To solve the linear programming problem of maximizing \( Z = x + 2y \) subject to the constraints:
1. \( x - y \leq 10 \)
2. \( 2x + 3y \leq 20 \)
3. \( x \geq 0 \)
4. \( y \geq 0 \)
we will follow these steps:
### Step 1: Graph the Constraints
First, we will graph the constraints to find the feasible region.
**Constraint 1:** \( x - y \leq 10 \)
To graph this, we can rearrange it to \( y \geq x - 10 \). The line \( y = x - 10 \) has a y-intercept of -10 and an x-intercept of 10.
**Constraint 2:** \( 2x + 3y \leq 20 \)
Rearranging gives us \( 3y \leq 20 - 2x \) or \( y \leq \frac{20 - 2x}{3} \). The y-intercept is \( \frac{20}{3} \) and the x-intercept is 10.
### Step 2: Identify the Feasible Region
Next, we plot the lines on a graph and shade the appropriate regions based on the inequalities. The feasible region will be where all shaded areas overlap, considering that \( x \geq 0 \) and \( y \geq 0 \).

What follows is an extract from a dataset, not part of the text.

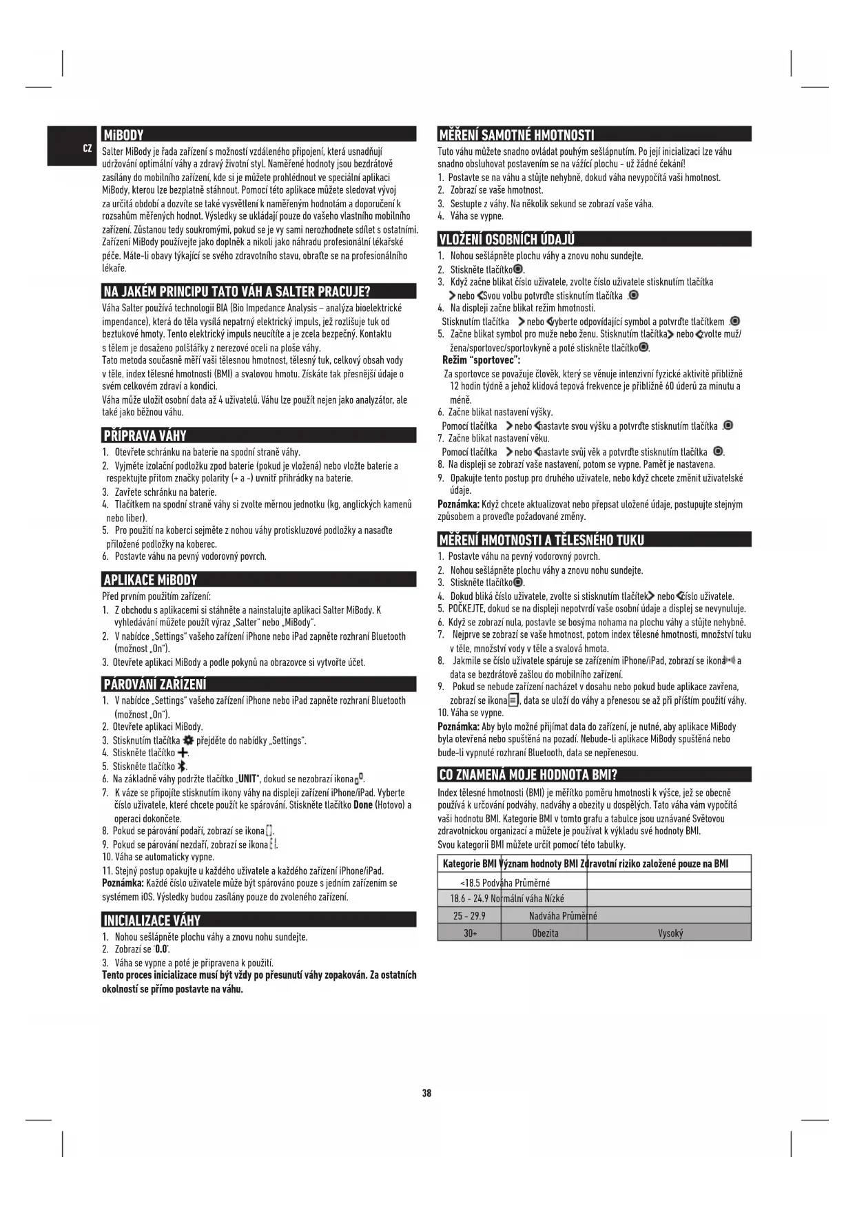 MiBODY Salter MiBody je řada zařízení s možností vzdáleného připojení, která usnadňují udržování optimální váhy a zdravý životní styl. Naměřené hodnoty jsou bezdrátově zasílány do mobilního zařízení, kde si je můžete prohlédnout ve speciální aplikaci MiBody, kterou lze bezplatně stáhnout. Pomocí této aplikace můžete sledovat vývoj za určitá období a dozvíte se také vysvětlení k naměřeným hodnotám a doporučení k rozsahům měřených hodnot. Výsledky se ukládají pouze do vašeho vlastního mobilního zařízení. Zůstanou tedy soukromými, pokud se je vy sami nerozhodnete sdílet s ostatními. Zařízení MiBody používejte jako doplněk a nikoli jako náhradu profesionální lékařské péče. Máte-li obavy týkající se svého zdravotního stavu, obraťte se na profesionálního lékaře. NA JAKÉM PRINCIPU TATO VÁH A SALTER PRACUJE? Váha Salter používá technologii BIA (Bio Impedance Analysis – analýza bioelektrické impendance), která do těla vysílá nepatrný elektrický impuls, jež rozlišuje tuk od beztukové hmoty. Tento elektrický impuls neucítíte a je zcela bezpečný. Kontaktu stělem je dosaženo polštářky znerezové oceli na ploše váhy. Tato metoda současně měří vaši tělesnou hmotnost, tělesný tuk, celkový obsah vody v těle, index tělesné hmotnosti (BMI) a svalovou hmotu. Získáte tak přesnější údaje o svém celkovém zdraví a kondici. Váha může uložit osobní data až 4 uživatelů. Váhu lze použít nejen jako analyzátor, ale také jako běžnou váhu.

### Step 3: Find the Corner Points
The maximum value of \( Z \) will occur at one of the corner points of the feasible region. We need to find the intersection points of the lines.

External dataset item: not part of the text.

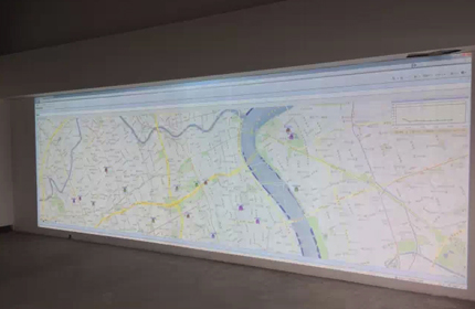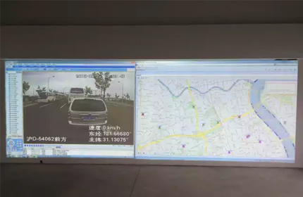 車聯網實際應用解決方案,采用二臺松下工程投影機融合系統,通過松下投影機的色彩亮度控制技術,使得整個畫面的色彩及亮度得到充分的體現,公司自建3G網絡中心,運用車聯網技術控制所有車輛包括出租、大巴及禮賓車輛的運營狀態,在畫面地圖上可以輕松放大任一車輛的實際運行狀態,運用高亮度分辨率工程投影機還原所有細節。

1. **Intersection of \( x - y = 10 \) and \( 2x + 3y = 20 \)**:
- From \( x - y = 10 \), we have \( y = x - 10 \).
- Substitute into \( 2x + 3(x - 10) = 20 \):
\[
2x + 3x - 30 = 20 \implies 5x = 50 \implies x = 10
\]
Then, \( y = 10 - 10 = 0 \). So, one corner point is \( (10, 0) \).

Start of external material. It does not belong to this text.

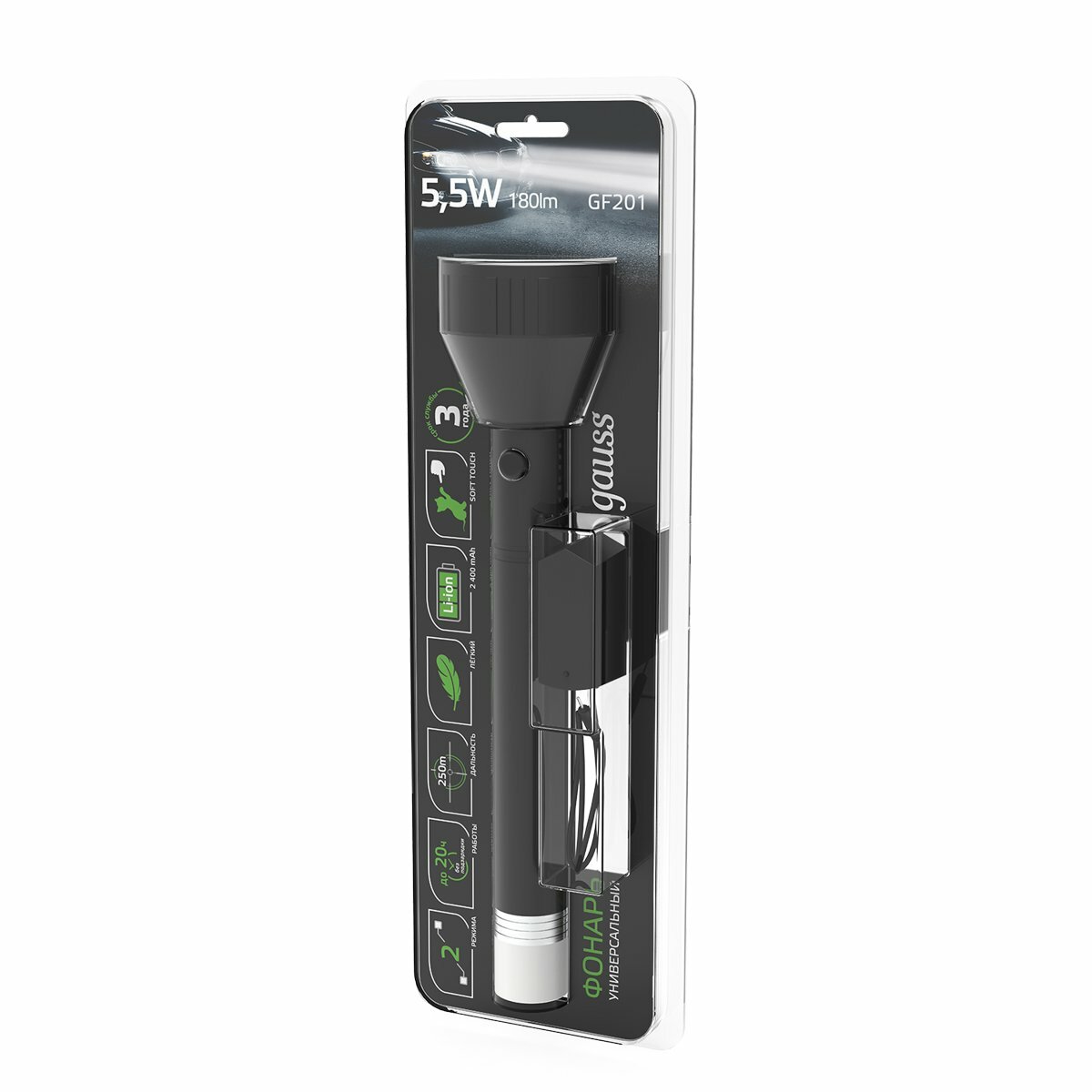 Фонарь ручной Gauss GFL201, черный

2. **Intersection of \( x - y = 10 \) and \( y = 0 \)**:
- Setting \( y = 0 \) in \( x - y = 10 \) gives \( x = 10 \). So, we have \( (10, 0) \).
3. **Intersection of \( 2x + 3y = 20 \) and \( y = 0 \)**:
- Setting \( y = 0 \) in \( 2x + 3y = 20 \) gives \( 2x = 20 \implies x = 10 \). So, we have \( (10, 0) \).
4. **Intersection of \( 2x + 3y = 20 \) and \( x = 0 \)**:
- Setting \( x = 0 \) gives \( 3y = 20 \implies y = \frac{20}{3} \). So, we have \( (0, \frac{20}{3}) \).
5. **Intersection of \( x - y = 10 \) and \( y = 0 \)**:
- This gives \( (10, 0) \) again.
### Step 4: Evaluate the Objective Function at Each Corner Point
Now we evaluate \( Z = x + 2y \) at each corner point:
1. At \( (10, 0) \):
\[
Z = 10 + 2(0) = 10
\]
2. At \( (0, \frac{20}{3}) \):
\[
Z = 0 + 2 \left(\frac{20}{3}\right) = \frac{40}{3} \approx 13.33
\]
### Step 5: Determine the Maximum Value
Comparing the values of \( Z \):
- At \( (10, 0) \), \( Z = 10 \)
- At \( (0, \frac{20}{3}) \), \( Z = \frac{40}{3} \approx 13.33 \)
The maximum value of \( Z \) occurs at the point \( (0, \frac{20}{3}) \) with \( Z = \frac{40}{3} \).
### Final Answer
The maximum value of \( Z \) is \( \frac{40}{3} \).